_Material supplied_:

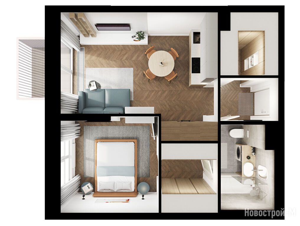 Взяли двушку. Прикольно, что уже на 59 квадратов идут 2 с/у. Сначала смутило, что без балкона, но вообще вместо них кладовые делают. Реально удобно, не надо квартиру хламом нагружать. Поэтому в планах еще кладовку покупать.
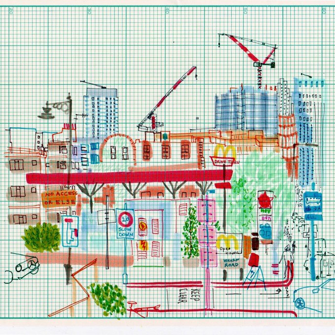 Went to London on Friday. Here’s a scene from the Islington City Road area. #London #urbanlandscape #ArtistOnTwitter #thedailysketch
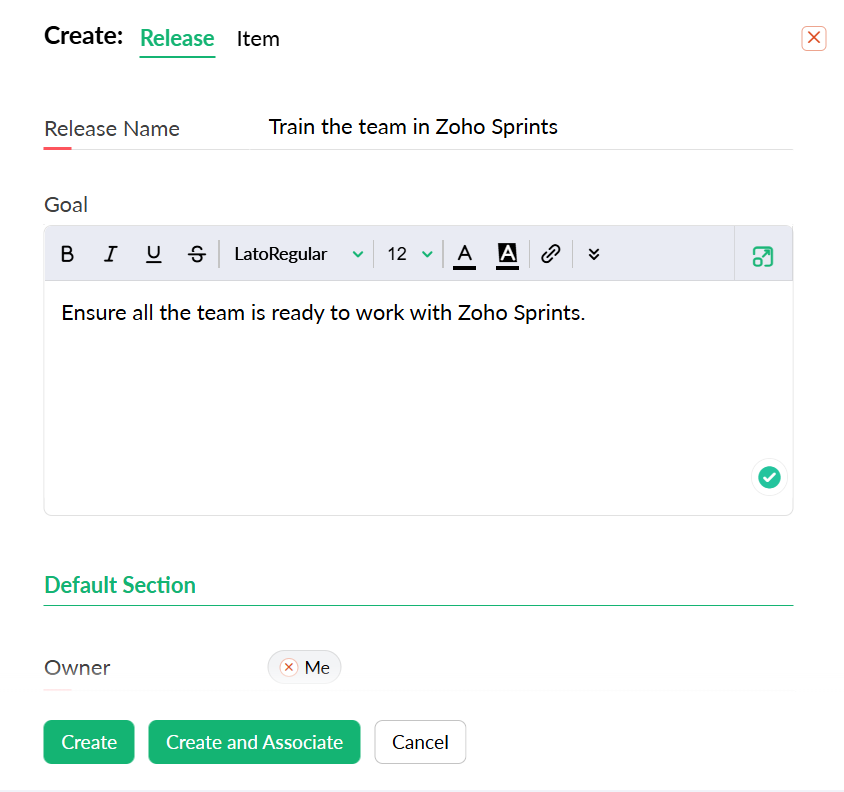 Now, enter all required information, including the name of the release, the goal, the start and release date, and the stage. Press "Create" when ready:
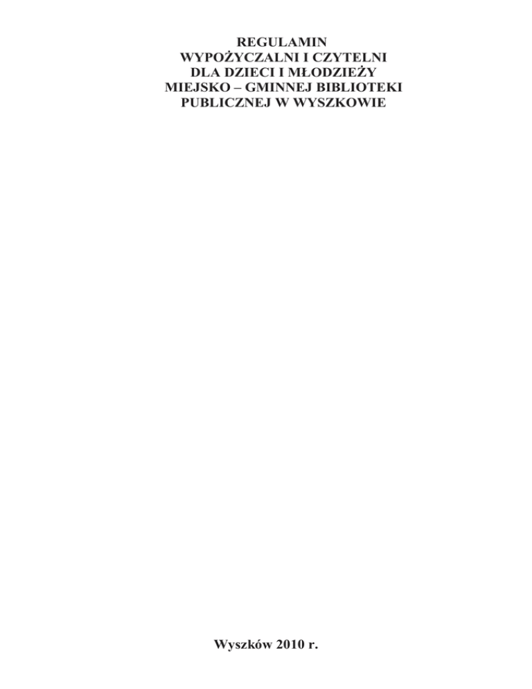 REGULAMIN WYPOŻYCZALNI I CZYTELNI DLA DZIECI I MŁODZIEŻY MIEJSKO – GMINNEJ BIBLIOTEKI PUBLICZNEJ W WYSZKOWIE Wyszków 2010 r. I. POSTANOWIENIA OGÓLNE 1. Prawo do korzystania z Wypożyczalni i Czytelni dla Dzieci i Młodzieży mają stali mieszkańcy powiatu wyszkowskiego. 2. Przy zapisie do Wypożyczalni zgłaszający się jest zobowiązany: a) okazać dokument tożsamości stwierdzający miejsce stałego zamieszkania, b) wypełnić kartę zapisu i zobowiązać się podpisem do przestrzegania Regulaminu. Karta zapisu dziecka musi być własnoręcznie poręczona podpisem rodziców lub prawnych opiekunów, którzy zobowiązują się do odpowiedzialności za wypożyczone książki. 3. Ze zbiorów Czytelni można korzystać po zapoznaniu się z Regulaminem i przedłożeniu dokumentu tożsamości na czas pobytu. 4. Czytelnik jest zobowiązany do informowania bibliotekarza o każdej zmianie adresu stałego zamieszkania. 5. Czytelnik jest zobowiązany szanować wypożyczone książki, będące własnością społeczną oraz chronić je przed zniszczeniem i zagubieniem. II. ZASADY WYPOŻYCZANIA I UDOSTĘPNIANIA KSIĄŻEK 1. Czytelnik sam wybiera książki w Wypożyczalni. 2. Ze zbiorów Czytelni można korzystać tylko na miejscu – zbiory udostępnia bibliotekarz. 3. Na kopiowanie wybranych fragmentów ze zbiorów Czytelni Czytelnik jest zobowiązany uzyskać zgodę bibliotekarza. 4. Dyżurujący bibliotekarz udziela informacji o książkach, pomaga w doborze literatury oraz w korzystaniu z katalogów i wydawnictw informacyjnych. 5. Czytelnik ma prawo wypożyczyć do 5 książek na okres nie dłuższy niż jeden miesiąc. 6. Termin zwrotu książki może być przedłużony tylko w przypadku, gdy nie ma na nią zapotrzebowania ze strony innych Czytelników. 7. Bibliotekarz może prosić o zwrot książek przed terminem ustalonym w Rozdz. II pkt 5, jeżeli stanowią one szczególnie poszukiwane pozycje. 8. Bibliotekarz może, na prośbę Czytelnika, zarezerwować książkę aktualnie wypożyczoną przez innego Czytelnika. 9. W przypadku braku książki, Czytelnik może otrzymać informację, w której z najbliższych bibliotek znajduje się poszukiwana przez niego pozycja. Na prośbę Czytelnika bibliotekarz sprowadza książki z innych bibliotek w ramach wypożyczeń międzybibliotecznych na koszt Czytelnika. 10. Przy wypożyczaniu szczególnie cennych i atrakcyjnych zbiorów Czytelnik ma obowiązek wypełnić rewers. 11. Czytelnik przy zwrocie i wypożyczeniu książek podaje bibliotekarzowi swój numer biblioteczny lub dane osobowe. 12. Dyżurujący bibliotekarz rejestruje książki wybrane przez Czytelnika. 13. Czytelnikom chorym i niepełnosprawnym książki mogą być dostarczane do domu. 14. Wypożyczenie jest zapisywane w systemie komputerowym. Przed wyjściem z Wypożyczalni należy sprawdzić stan swojego konta, a ewentualne zastrzeżenia zgłosić bibliotekarzowi. 15. Zarejestrowanie wypożyczenia w systemie komputerowym stanowi dowód wypożyczenia książki – reklamacje zgłoszone po wyjściu z Wypożyczalni nie będą przyjmowane. 16. Dowodem zwrotu książki jest komputerowe zarejestrowanie tej czynności, dokonane w Wypożyczalni. 17. Przed wypożyczeniem książki Czytelnik powinien sprawdzić jej stan i zgłosić ewentualne uwagi bibliotekarzowi. W przeciwnym razie przyjmuje się, że książka nie była zniszczona. 18. W przypadku zagubienia lub zniszczenia książki Czytelnik ma obowiązek kupić taką samą książkę. Jeśli nie jest to możliwe, po uzgodnieniu z bibliotekarzem może kupić inną, potrzebną Wypożyczalni książkę albo zapłacić ekwiwalent (zał.). III. OPŁATY 1. Zbiory biblioteczne wypożyczane są bezpłatnie. 2. Opłaty są pobierane: a) od Czytelników nie spełniających warunków zawartych w Rozdz. I pkt 1 w formie kaucji wpisowej od każdego wypożyczonego woluminu w wysokości odpowiadającej aktualnej średniej cenie zakupu 1 woluminu (zał.). Kaucja podlega zwrotowi po świadczeniu Czytelnika o rezygnacji z usług Wypożyczalni. Nieodebrana kaucja, po upływie roku od dnia zaprzestania korzystania z Wypożyczalni, stanie wpłacona na rzecz Biblioteki, z przeznaczeniem na uzupełnienie księgozbioru; b) tytułem odszkodowania za zniszczone lub zagubione książki w formie ekwiwalentu pieniężnego, odpowiadającego aktualnej cenie rynkowej raconego woluminu. W przypadku zagubienia szczególnie cennej pozycji wysokość ekwiwalentu pieniężnego nie może być niższa od ceny antykwarycznej tej samej klasy wydawnictwa (zał.); c) za niezwrócone w terminie książki w wysokości 0,10 zł od jednego woluminu za każdy kolejny dzień po upływie terminu zwrotu. Czytelnik zobowiązany jest do pokrycia kosztów upomnień oraz wezwań, wysyłanych do niego drogą pocztową (zał.). 3. Dyrektor Miejsko-Gminnej Biblioteki Publicznej w Wyszkowie w uzasadnionych przypadkach na pisemny wniosek Czytelnika może odstąpić od pobierania kar za przetrzymanie książek. IV. PRZEPISY PORZĄDKOWE 1. Przed wejściem do Działu dla Dzieci i Młodzieży należy pozostawić w szatni wierzchnie okrycie i duże torby. 2. W Bibliotece obowiązuje zakaz palenia tytoniu i używania telefonów komórkowych. 3. W czasie, gdy w domu Czytelnika panuje choroba zakaźna, nie może on korzystać z Wypożyczalni i Czytelni. V. POSTANOWIENIA KOŃCOWE 1. Upomnienia za przetrzymywanie książek adresowane są do rodziców lub opiekunów Czytelnika. 2. Wobec Czytelników, którzy odmawiają, mimo upomnień, zwrotu wypożyczonych książek, Biblioteka ma prawo dochodzić należności za pośrednictwem firmy windykacyjnej, jak też przed sądem powszechnym. 3. Czytelnik nie stosujący się do przepisów niniejszego Regulaminu może być pozbawiony prawa do korzystania z Działu dla Dzieci i Młodzieży. Od decyzji bibliotekarza przysługuje Czytelnikowi prawo do odwołania się do Dyrektora Miejsko-Gminnej Biblioteki Publicznej w Wyszkowie. 4. Swoje spostrzeżenia, wnioski i 
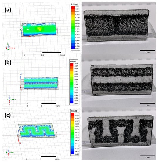 Magnetic patterns in Ansys Maxwell and magnetic patterns of MWCNT/PDMS achieved in the laboratory, (a) Rectangular; (b) Parallel lines; and (c) Zig zag shape.
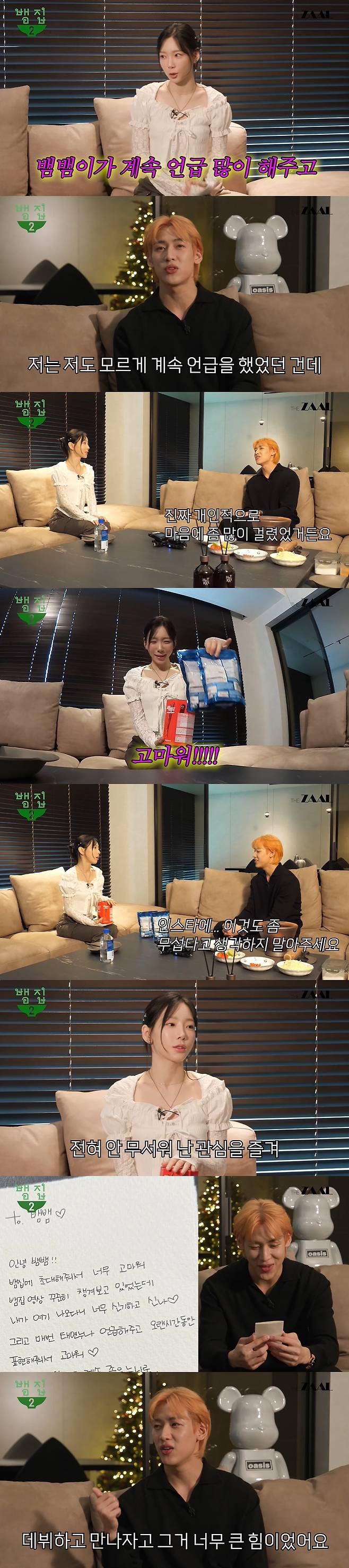 이날 뱀뱀은 태연에게 "그동안 (태연을)너무 언급을 많이 해서 개인적으로 마음에 좀 많이 걸렸다. 저도 모르게 계속 언급 했었던 건데 너무 오바한 것 같아서 마음에 많이 걸렸다"고 했다. 그러자 태연은 "너무 고마웠다. 집에서 볼 때 누가 내 이름을 말해주면 반갑다"고 했다. 그때 뱀뱀은 "좋아한다고 해가지고 혹시나 해서"라며 준비한 것을 건네며 "무섭다고 생각하지 말아달라. SNS에 올린 거 봤다"고 했다. 그러자 태연은 "전혀 안 무섭다. 난 관심을 즐긴다"고 하자, 뱀뱀은 "극 I(내향형)형이라고 들어서 조심스럽더라"며 조심스러워했다.

_Required work_: Copy only what lies between the start of the listing above and the line containing "Now, enter all", inclusive of both ends, exactly as written, and drop the pictures.

_Solved problem_:
 Взяли двушку. Прикольно, что уже на 59 квадратов идут 2 с/у. Сначала смутило, что без балкона, но вообще вместо них кладовые делают. Реально удобно, не надо квартиру хламом нагружать. Поэтому в планах еще кладовку покупать.
 Went to London on Friday. Here’s a scene from the Islington City Road area. #London #urbanlandscape #ArtistOnTwitter #thedailysketch
 Now, enter all required information, including the name of the release, the goal, the start and release date, and the stage. Press "Create" when ready:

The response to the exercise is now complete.